A few years ago, I received a birth announcement from a good friend with a darling photo of a newborn. It was also a death announcement. This sweet infant only lived a few short moments as her complications were too great.
At the same time I was going through a hard time in my life. Suddenly, my own trials and heartaches seemed very small in comparison.
Sometimes I gather words, other times I gather art supplies . . . and then I let my heart bleed on either canvas or journal. This time I decided to pick up my watercolors and create something for my friend. With each stroke of the paintbrush, and each line of my pen, I thought a lot about the different trials people are faced with. I thought about my friend, I thought about eternity, and children, and life. These are questions that conjure within me usually while I am deep into the trees and mountains, far removed from people. But at the time, I was living in the desert and I felt trapped, both mentally and physically. I realized I was living day to day, without stepping back and looking at the majestic view before me. Even if that view was of rocks, sand, and prickly plants.
Because I am a lover of literature, I dwelled on the words I wanted to use in this painting for a long time. I asked myself, what would comfort me? Finally, I sketched in “Life and Love are Eternal.” Because, well, I think that they are.
I framed the painting, then sent if off with a sympathy card. My friend contacted me and told me that it brought tears to her eyes when she opened it.

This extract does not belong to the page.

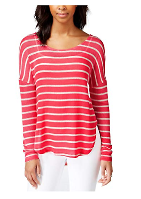 Maison Jules Womens Long-Sleeve Striped Lightweight Sweater Top Size XXL, Coral
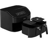 Комплексная защита элементов M-Pro - защита от перегрева при длительной работе. 17 автоматических программ - разнообразное меню: курица, ребрышки, батат, картофель фри, овощи, выпечка, стейк из говядины, шашлык, ручной режим, разогрев, разморозка, сухофрукты, тосты, омлет, печенье, рыба, морепродукты. Таймер до 12 часов (при настройке в ручном режиме) - автоматически отключается по истечении времени. Функция пауза - прибор автоматически встает на паузу при вынимании чаши или при нажатии клавиши "пауза". Звуковая индикация о переворачивании продукта - работает в программах курица, овощи, ребрышки, шашлык, батат, картофель фри. Разделитель чаши " Hybrid bowl"- одновременное приготовление 2 блюд. Вместительная чаша объемом 5,5 л прямоугольной формы - большая чаша рассчитана для приготовления продуктов целиком, например: запечь рыбу целиком, шашлык на шпажках, свиные ребра (не разрезая).

A couple years after this experience, I received another birth announcement from my same friend. I was thrilled to see that through her dark clouds she was able to get pregnant again. Along with the announcement, she enclosed a note that reads. “I had struggled forever with what to put on my baby’s headstone. I wanted something positive and pretty. I used your words. So, thank you again for your painting and words. They will forever be on her headstone and I’ll forever remember your kindness.”
I am honored to have inspired words for a headstone.
p.s. I asked my friend if I could write about this before I posted it.